[Start of Attachment]

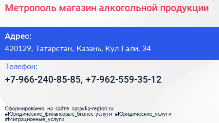 Метрополь, магазин алкогольной продукции по адресу 420129, Татарстан, Казань, Кул Гали, 34 в дальнейшем Организация, размещена в следующих категориях:
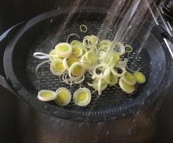 - Procedere allo stesso modo con il porro o cipolla, ma questa volta usare il vassoio varoma
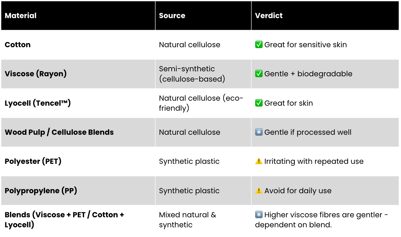 ➡️ Materials used to make the absorbent fabric in cleansing wipes
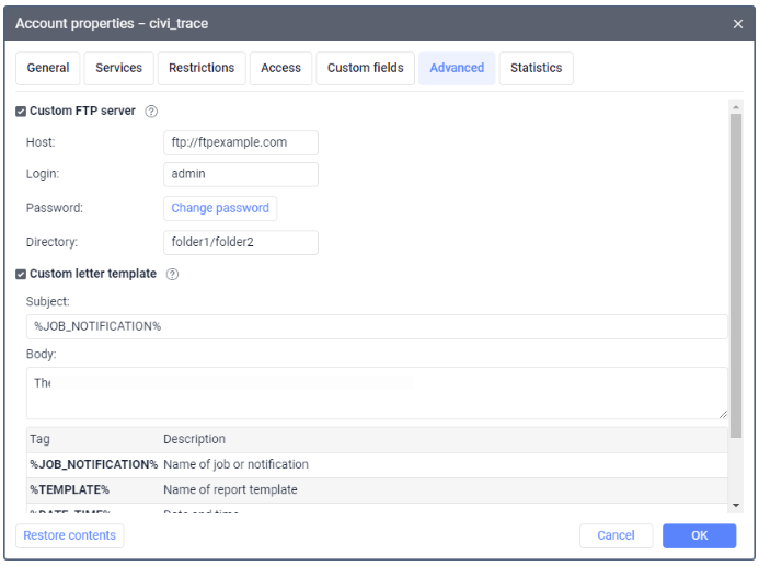 To specify the subject and text of the message sent by email as a result of a job or notification, activate the Custom letter template option and fill in the Subject and Body fields. The message body can contain tags which are converted to real values at the time of sending. Click on a tag to add it to the text.
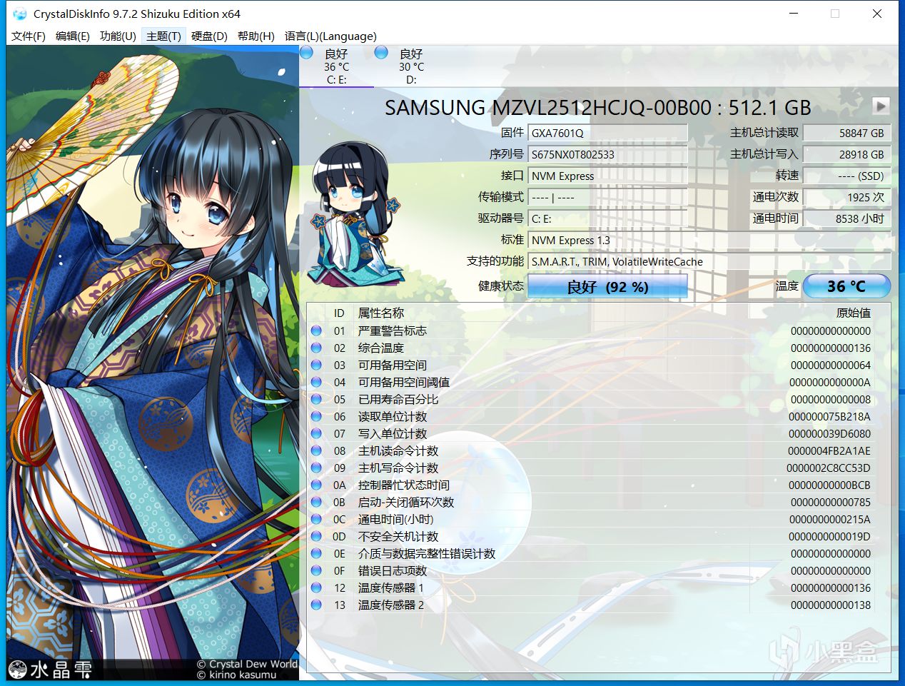 寫入掛鉤tbw,通電次數跟時間可判斷是否爲新盤及硬盤使用者的日常使用習慣,較低的溫度可延長硬盤的使用壽命,減少系統藍屏及報錯。
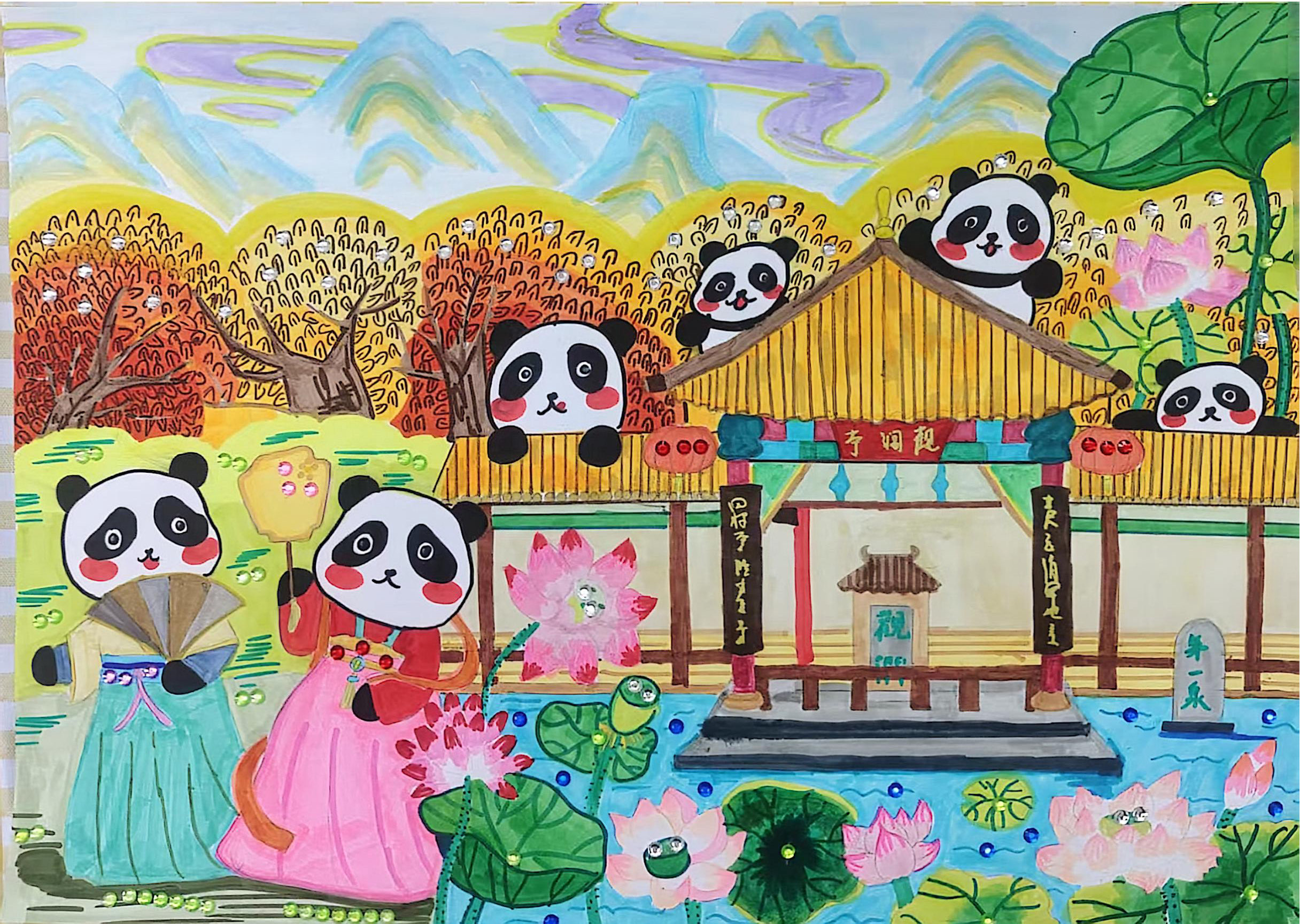 2025青少年云上嘉年华|刘梓茜绘画作品《泉畔熊猫喜乐图》
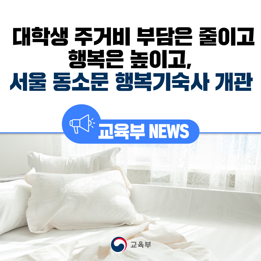 2023년 5월에 준공*된 동소문 행복기숙사(연합)는 대학생들의 거주환경 개선 및 주거비 부담 완화를 위해 교육부가 무상 제공한 국유지에 주택도시기금(국토부) 등을 포함한 사학진흥기금 총 399억 원으로 건립되었다.
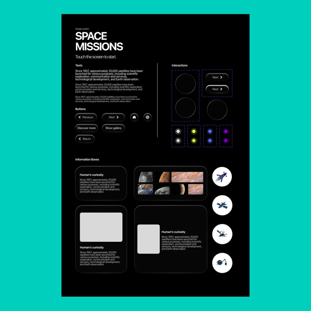 The educational interface for Space Explorers was designed to enhance the user experience through an intuitive flow and a modern design system. Allowing the user to navigate through the history and discoverings of URSP’s.
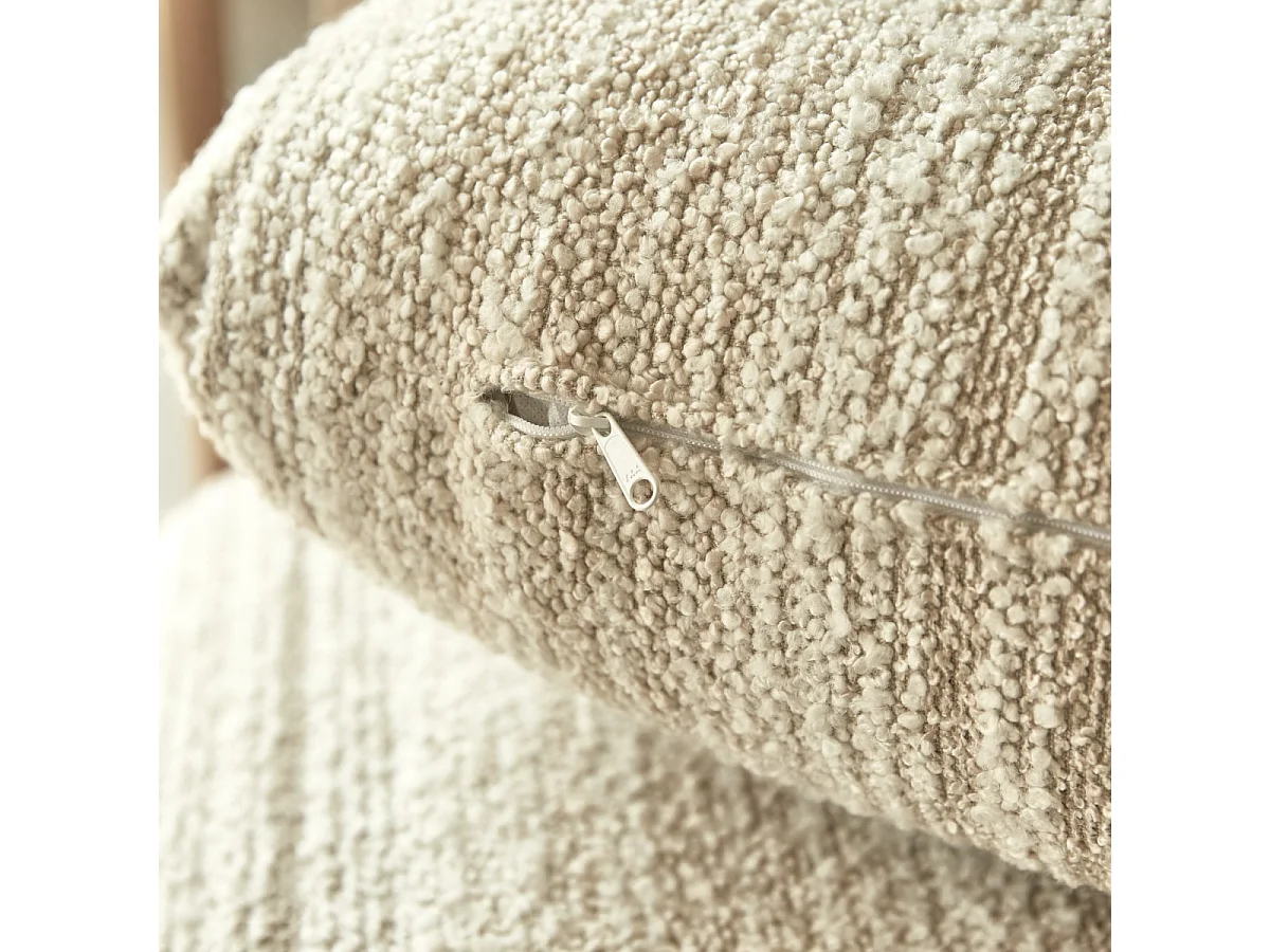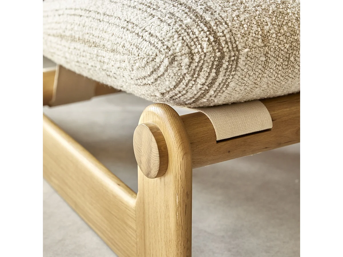 Sessel Bjorn mit massivem Eichenholzgestell und ecrufarbenem Stoffbezug, 1-sitzig
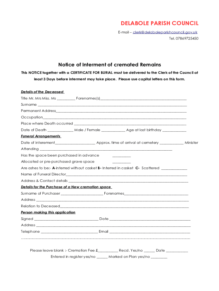 DEKAMOLE PARISH COUNCIL Email clerk@delaboleparishcouncil.gov.uk Tel. 07869725450Notice of Interment of cremated Remains This NOTICE together with a CERTIFICATE FOR BURIAL must be delivered to the
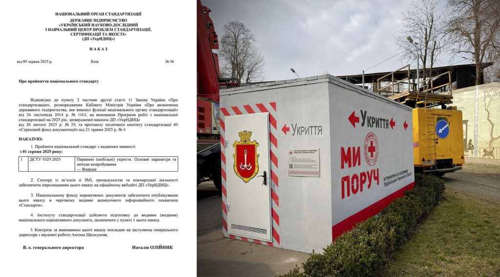 Наказом державного підприємства «Український науково-дослідний i навчальний центр проблем стандартизації, сертифікації та якості» від 9 червня 2025 року № 96 прийнято національний стандарт ДСТУ 9329:2025 «Первинні (мобільні) укриття. Основні параметри та методи випробування».
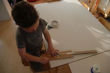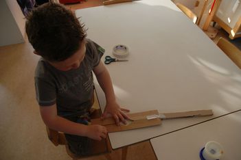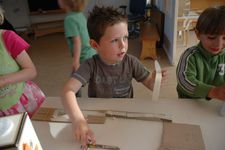 Met veel precisie werd er door de kinderen aan hun geluidsinstrument gewerkt. De een was geïnteresseerd in hoe het geluid was en een ander weer in de versiering van het geluidinstrument en hoe dat beweegt als je het instrument heen en weer laat gaan.Geluiden hebben zo'n invloed op kinderen dat er een soort natuurlijk gevoel boven komt, dat wil dat de geluiden hard zijn en dat je kan bewegen. Daarna kan er pas rust gevonden worden. Je merkte ook dat Zakaria, die gisteren ziek was, heel veel lawaai wilde maken. De andere kinderen konden langer zonder geluid te maken met hun instrument bezig zijn.Vooral veel jongens gaan een onuitgesproken confrontatie met elkaar aan van wie het hardste geluid kan produceren. Wesly vangt dat op door een heel hoge toren te maken. Ze willen op de een of andere manier hun kracht laten zien.Het bewegen bij de geluiden doen heel veel kinderen. Vooral als de djembe mee doet.Je merkt wel dat bij zoveel geluid de klas eigenlijk te klein is. Je hebt duidelijk behoefte aan een grotere ruimte. Gelukkig was het mooi weer en was het schoolplein leeg. De klas als ruimte werkte met het maken van de geluidsinstrumenten heel goed. Ieder kind kon een plekje vinden en de materialen.Als dit niet de laatste week zou zijn geweest waren we waarschijnlijk van geluiden en geluidsinstrumenten langzaam overgegaan naar bewegen. Maar helaas komt het einde in zicht. En we kunnen nog wel even door met de geluiden. Ook de geluiden met de mond en keel zijn inspirerend.
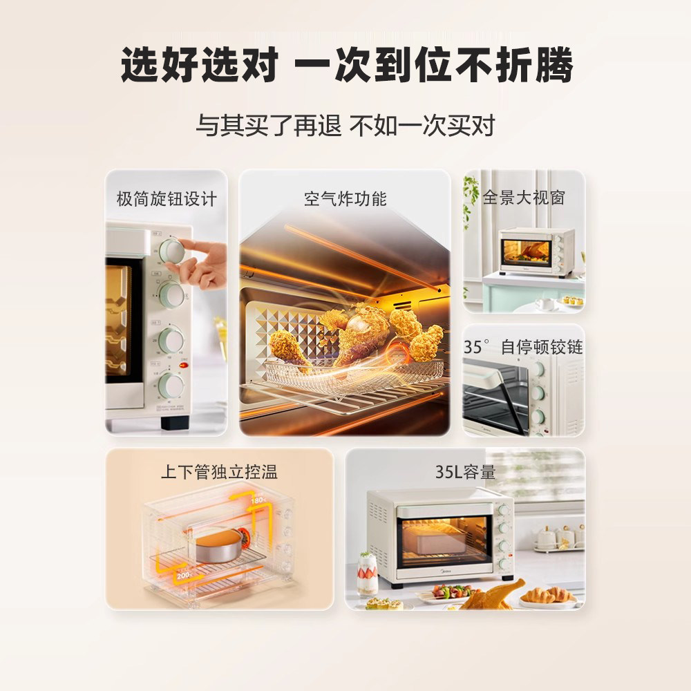 美的电烤箱35升大容量空气炸锅热风循环电烤炉上下管独立控温家用
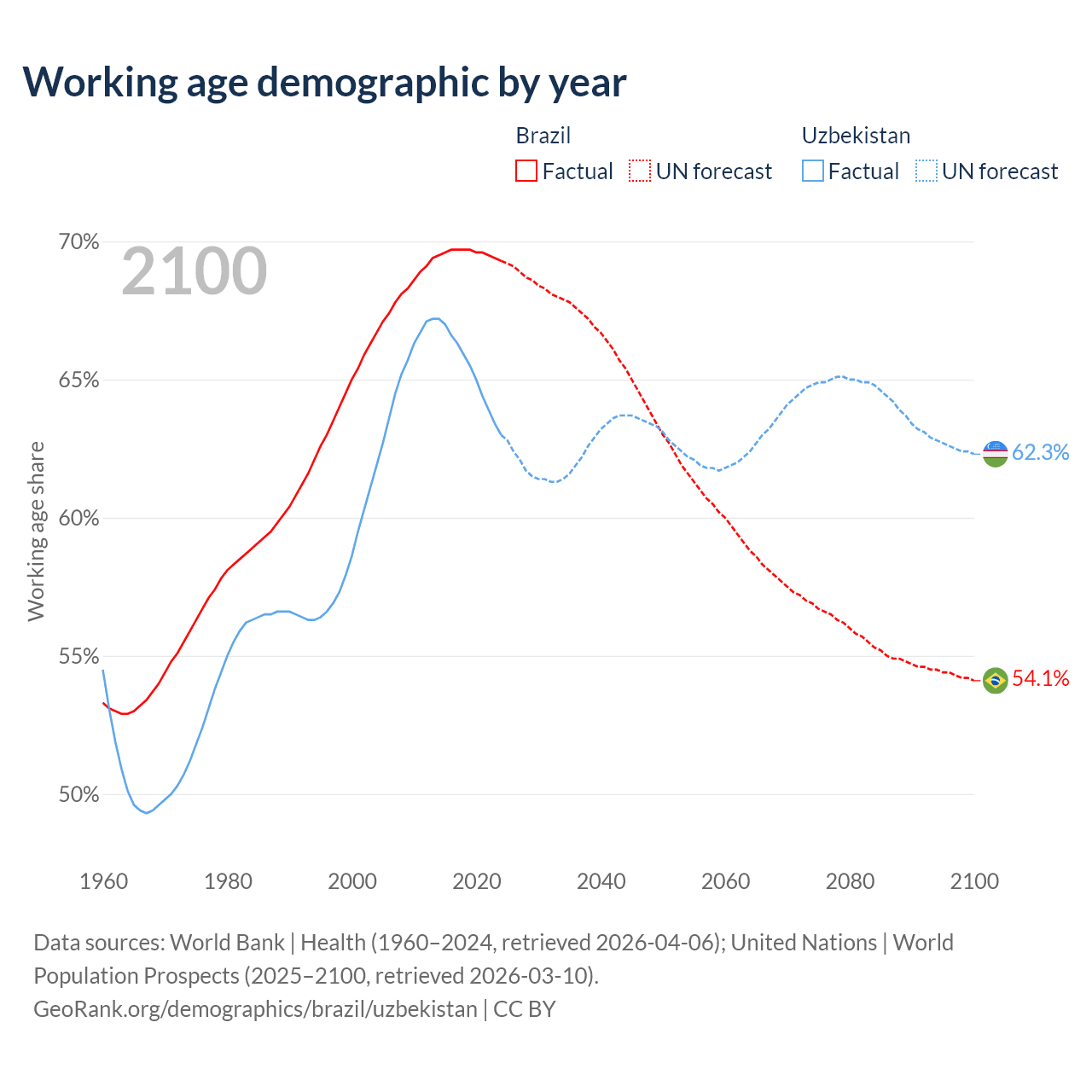 - Brazil has 148M working age adults (aged 15-64) vs 23.9M in Uzbekistan.

[End of Attachment]

> What you should do
Starting with the line that holds "DEKAMOLE PARISH COUNCIL", retype each line through the last one in the listing above, exactly as written. Do not copy any pictures.

> Answer space
 DEKAMOLE PARISH COUNCIL Email clerk@delaboleparishcouncil.gov.uk Tel. 07869725450Notice of Interment of cremated Remains This NOTICE together with a CERTIFICATE FOR BURIAL must be delivered to the
 Наказом державного підприємства «Український науково-дослідний i навчальний центр проблем стандартизації, сертифікації та якості» від 9 червня 2025 року № 96 прийнято національний стандарт ДСТУ 9329:2025 «Первинні (мобільні) укриття. Основні параметри та методи випробування».
 Met veel precisie werd er door de kinderen aan hun geluidsinstrument gewerkt. De een was geïnteresseerd in hoe het geluid was en een ander weer in de versiering van het geluidinstrument en hoe dat beweegt als je het instrument heen en weer laat gaan.Geluiden hebben zo'n invloed op kinderen dat er een soort natuurlijk gevoel boven komt, dat wil dat de geluiden hard zijn en dat je kan bewegen. Daarna kan er pas rust gevonden worden. Je merkte ook dat Zakaria, die gisteren ziek was, heel veel lawaai wilde maken. De andere kinderen konden langer zonder geluid te maken met hun instrument bezig zijn.Vooral veel jongens gaan een onuitgesproken confrontatie met elkaar aan van wie het hardste geluid kan produceren. Wesly vangt dat op door een heel hoge toren te maken. Ze willen op de een of andere manier hun kracht laten zien.Het bewegen bij de geluiden doen heel veel kinderen. Vooral als de djembe mee doet.Je merkt wel dat bij zoveel geluid de klas eigenlijk te klein is. Je hebt duidelijk behoefte aan een grotere ruimte. Gelukkig was het mooi weer en was het schoolplein leeg. De klas als ruimte werkte met het maken van de geluidsinstrumenten heel goed. Ieder kind kon een plekje vinden en de materialen.Als dit niet de laatste week zou zijn geweest waren we waarschijnlijk van geluiden en geluidsinstrumenten langzaam overgegaan naar bewegen. Maar helaas komt het einde in zicht. En we kunnen nog wel even door met de geluiden. Ook de geluiden met de mond en keel zijn inspirerend.
 美的电烤箱35升大容量空气炸锅热风循环电烤炉上下管独立控温家用
 - Brazil has 148M working age adults (aged 15-64) vs 23.9M in Uzbekistan.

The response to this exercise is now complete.